Теперь Криспин уже вернул себе хладнокровие.
– Потомком тех мастеров, которые ее сотворили, прежде всего. Возможно, не осененным их благочестием, но зато лучше понимающим технику мозаики. Я бы добавил, что купол также вот-вот потеряет часть золотого солнца слева. Мне необходимо подняться на леса, чтобы убедиться, но мне кажется, некоторые кусочки смальты уже выкрошились. Если так будет продолжаться, то боюсь, волосы бога скоро начнут выпадать. Ты готов к тому, что Джад обрушится на тебя, но не громовым обвалом, а осколками стекла и камней?
– Что за нечестивая ересь! – воскликнул священник и сделал знак солнечного диска.
Криспин вздохнул.
– Мне жаль, если ты так меня понял. Я не собирался тебя провоцировать. Или не только провоцировать. Грунтовка на куполе сделана старым способом. В один слой и, вероятнее всего, из смеси материалов, которые менее долговечны, как мы теперь знаем. Мы все понимаем, что над нами не святой Джад, а его изображение, сделанное смертными. Мы поклоняемся богу, а не его изображению, насколько я понимаю. – Он помолчал. Этот вопрос был предметом острых разногласий в определенных кругах. Священник открыл рот, словно собирался ответить, но потом снова закрыл его.
Криспин продолжал:
– Возможности смертных ограниченны, и это нам тоже всем известно. Иногда открывают нечто новое. Признать эту истину – не значит критиковать тех, кто создал этот купол. Менее талантливые люди способны сохранить работу великих.

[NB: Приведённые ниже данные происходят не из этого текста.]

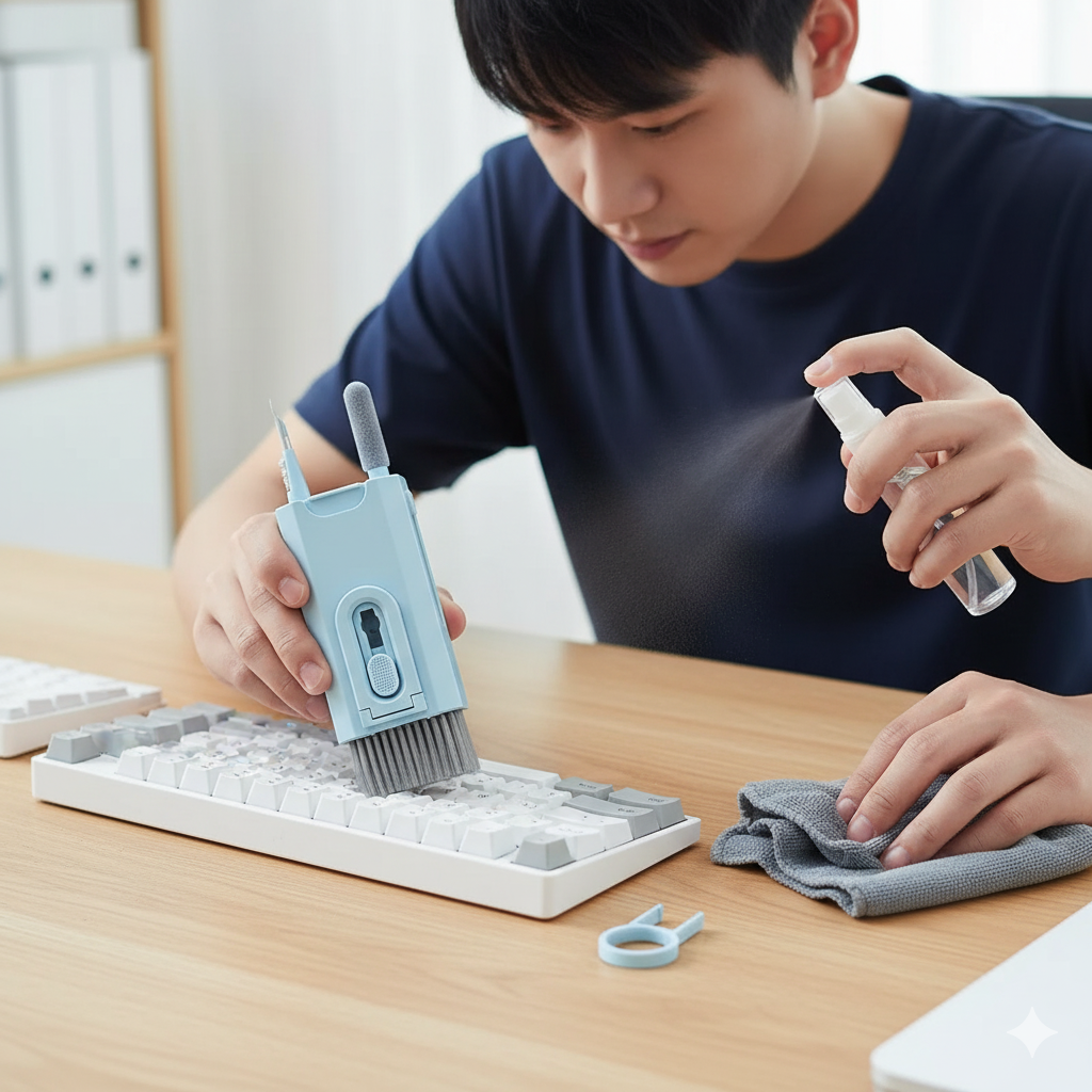 This little cleaner kit is honestly amazing. I use it for my laptop, keyboard, and AirPods — it reaches every small corner! The spray works great, and the materials feel high quality.

С умелыми помощниками я мог бы отреставрировать это изображение, и оно бы сохранилось еще на несколько сотен лет. На это уйдет один сезон. Может быть, немного меньше. Или больше. Но могу утверждать, что без такого вмешательства эти глаза, руки и волосы скоро усеют камни вокруг нас. Мне было бы жаль это видеть. Это выдающаяся работа.
– Ей нет равных в мире!
– Я тоже так думаю.
Священник заколебался. Криспин видел, что Касия и Варгос смотрят на него с изумлением. Ему пришло в голову, и эта мысль позабавила его и придала ему сил, что ни у кого из них нет оснований верить, будто он – мастер в своем деле. У мозаичника мало возможностей продемонстрировать свой талант или мастерство во время пешего путешествия по Саврадии.

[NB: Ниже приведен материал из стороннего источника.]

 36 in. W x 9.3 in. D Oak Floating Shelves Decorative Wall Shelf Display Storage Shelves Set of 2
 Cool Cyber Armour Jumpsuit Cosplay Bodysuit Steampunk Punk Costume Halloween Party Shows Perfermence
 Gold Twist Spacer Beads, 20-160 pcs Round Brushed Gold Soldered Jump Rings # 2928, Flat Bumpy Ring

В этот момент послышался звон упавшего на пол кусочка смальты. Криспин мог бы счесть это вмешательством свыше. Он подавил улыбку и подошел к нему. Опустился на колени, вгляделся и без труда нашел коричневатый квадратик. Перевернул его обратной стороной вверх. Изнанка была сухой и хрупкой. Она раскрошилась в пыль, когда он провел по ней пальцем. Он поднялся, вернулся к остальным и вручил кусочек мозаики священнику.

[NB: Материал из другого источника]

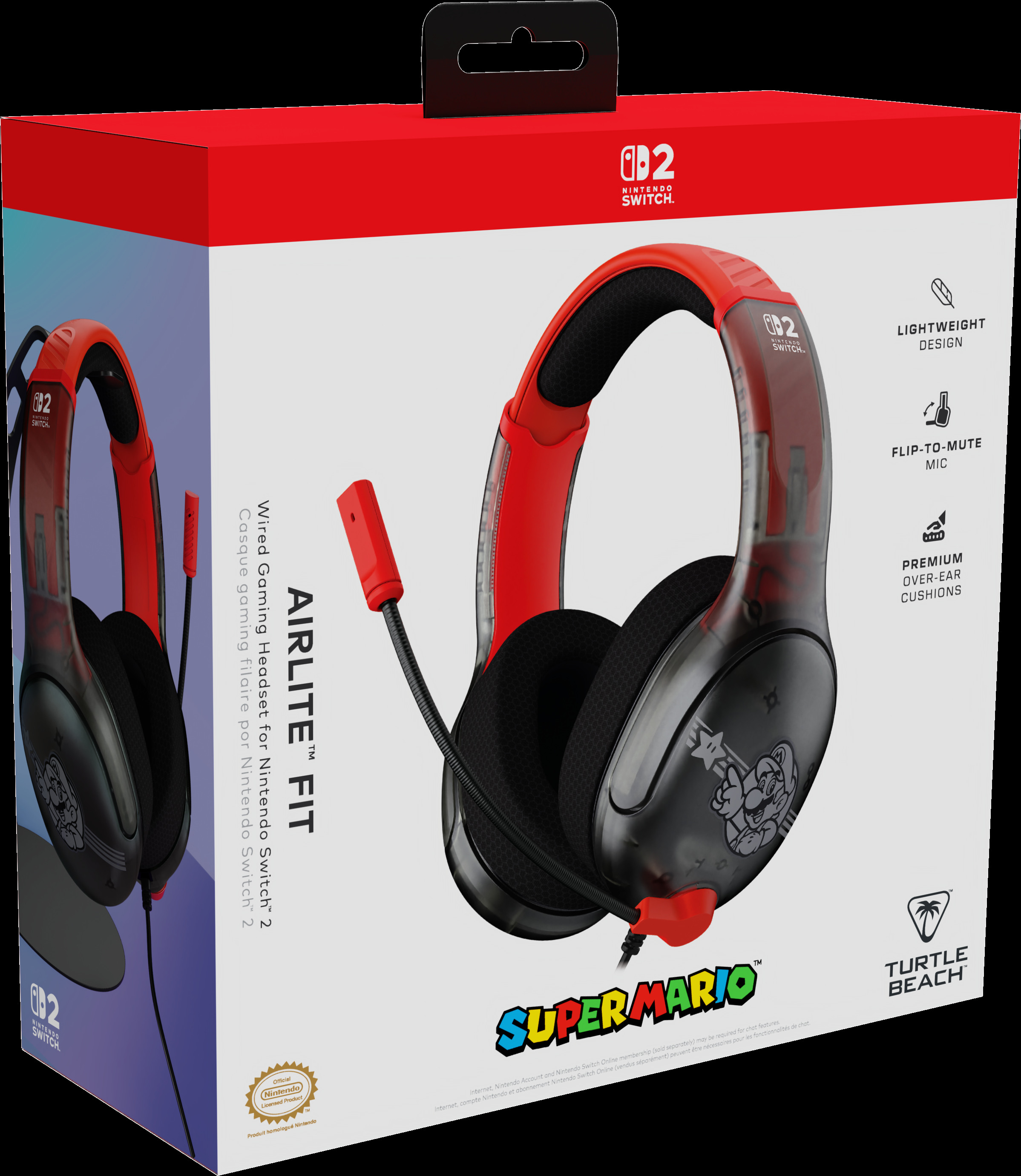 Genieße absoluten Komfort beim Gaming mit dem Turtle Beach® Airlite™ Fit Kabelgebundenen Gaming-Headset, offiziell von Nintendo für Nintendo Switch™ 2 lizenziert. Dieses Headset funktioniert auch mit Nintendo Switch™, Nintendo Switch™ Lite und Nintendo Switch™ - OLED-Modell. Dieses von unseren hauseigenen Ingenieuren entwickelte Headset liefert fein abgestimmten Sound über hochwertige 40-mm-Lautsprecher und bietet sowohl Gelegenheits- als auch Wettkampfspielern ein beeindruckendes Erlebnis. Die hochgezogenen, ohrumschließenden Jersey-Strickpolster bieten außergewöhnlichen Komfort, sodass du alle hohen und tiefen Töne hören kannst, während Außengeräusche effektiv ausgeblendet werden. Das elegante, "noise-canceling" Mikrofon sorgt dafür, dass deine Stimme klar und deutlich zu hören ist, und wenn du nicht kommunizieren möchtest, klappe das Mikrofon einfach nach oben, um es stumm zu schalten. Der vielseitige 3,5-mm-Anschluss passt zu allen Nintendo Switch™-Systemen und macht das Headset zum perfekten Allrounder für jeden Gamer.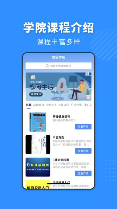 悟空学院是专为在线培训和学习设计的移动应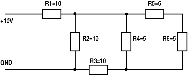 Variieren Sie nun einen der Widerstände im Bereich von 0 bis 100 Ohm und stellen Sie in einem Plot die 6 Spannungen über den Widerständen R1 .. R6 gegen den variierten Widerstandswert dar. Denken Sie auch an Legenden, Achsenbeschriftungen etc.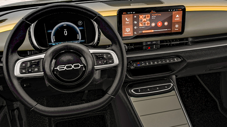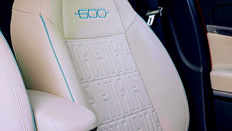 Objevte skutečný životní styl Dolcevita v prémiovém interiéru v odstínu slonoviny s tyrkysovými detaily a monogramy Fiat.
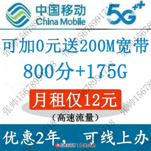广西移动12元送800分+175g+200m宽带,可提速至500m或1000m 加入收藏我要举报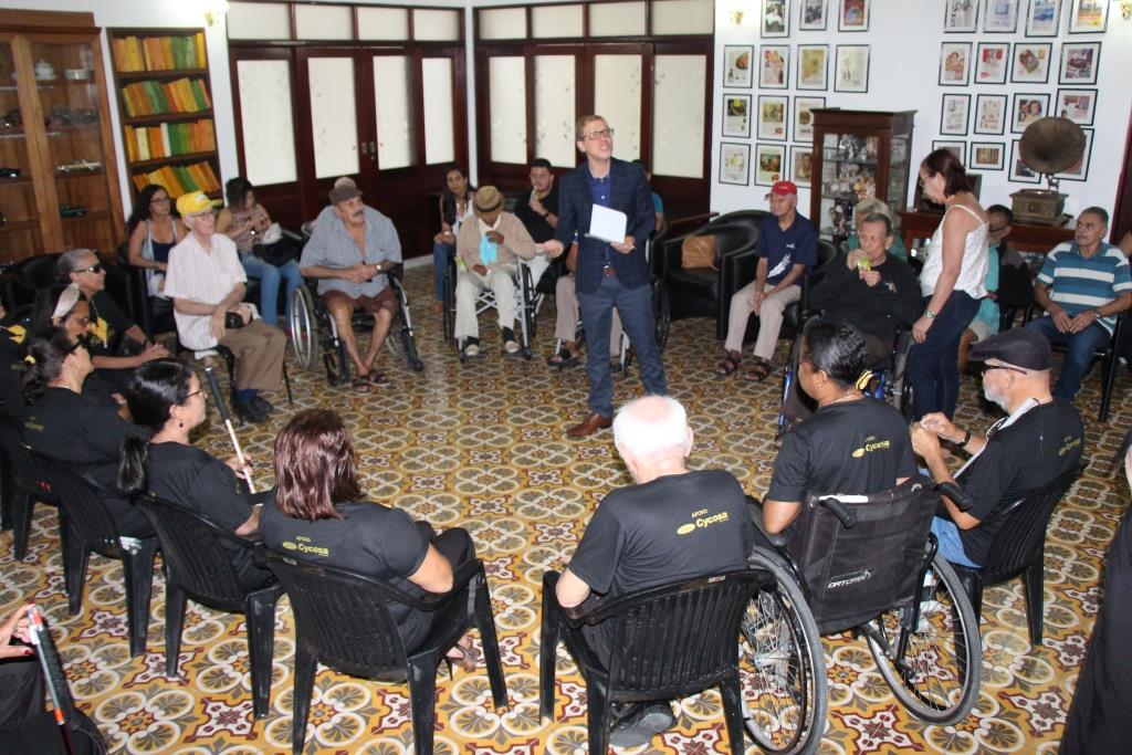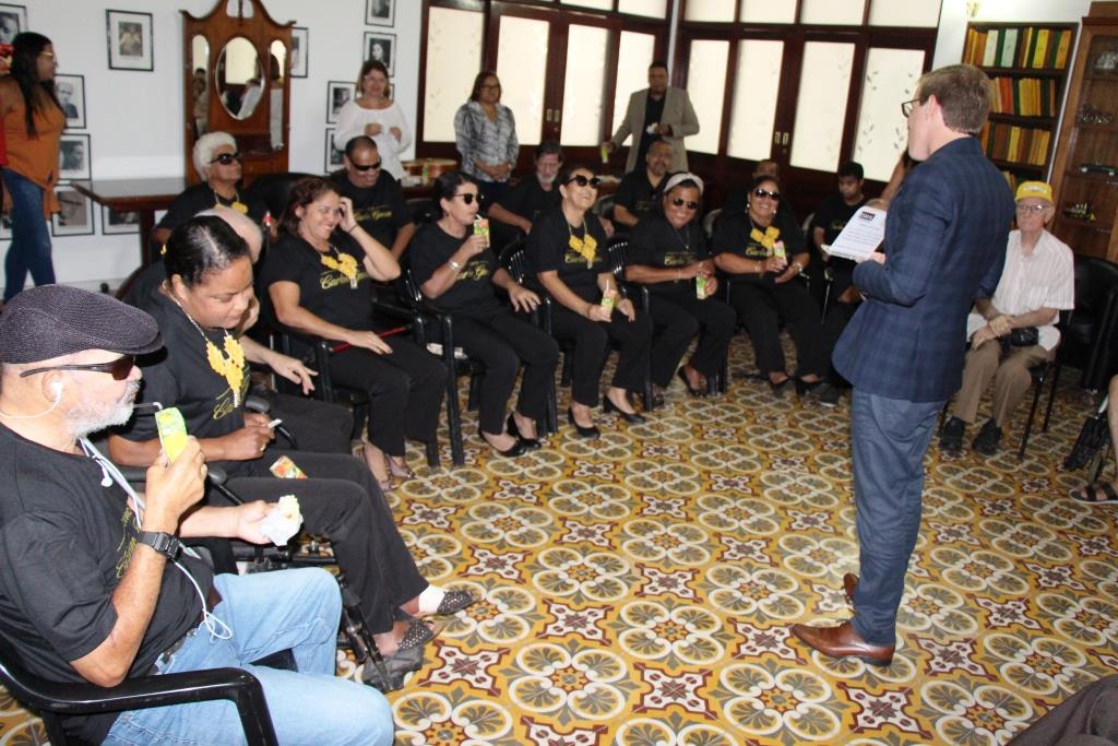 Durante a visita, os idosos do abrigo tiveram a oportunidade de assistir a uma apresentação conduzida pelo maestro Luciano Peixoto, do coral Carlos Gomes, da Escola Estadual Ciro Acioly, do qual Mestre Cícero faz parte. Também assistiram a um filme mudo, que foi descrito oralmente, no auditório.

– Святое послание? – сухо спросил он. – Или просто кусочек темного камня из… – тут он поднял глаза вверх, – вероятнее всего, опять из одежды, с правой стороны.
Священник открыл рот и закрыл, точно так же, как раньше. «Несомненно, – подумал Криспин, – он сожалеет, что сегодня его очередь бодрствовать в дневное время и принимать посетителей в церкви». Криспин снова взглянул наверх, на суровое величие образа, и пожалел о своем шутливом тоне. Подобные попытки были мучительными, но в них не было ничего личного, и ему следовало быть выше подобной мелочности. Особенно сегодня и здесь.
«Людям, – подумал он, – возможно, особенно такому человеку, как Кай Криспин Варенский, так редко удается вырваться из круга забот и мелких обид, из которых состоит их повседневная жизнь». Конечно, ему следовало сегодня вырваться из этого круга. И другая, неожиданная мысль: а может быть, именно потому, что его так далеко унесло за эти рамки, ему и необходимо было найти дорогу назад таким способом?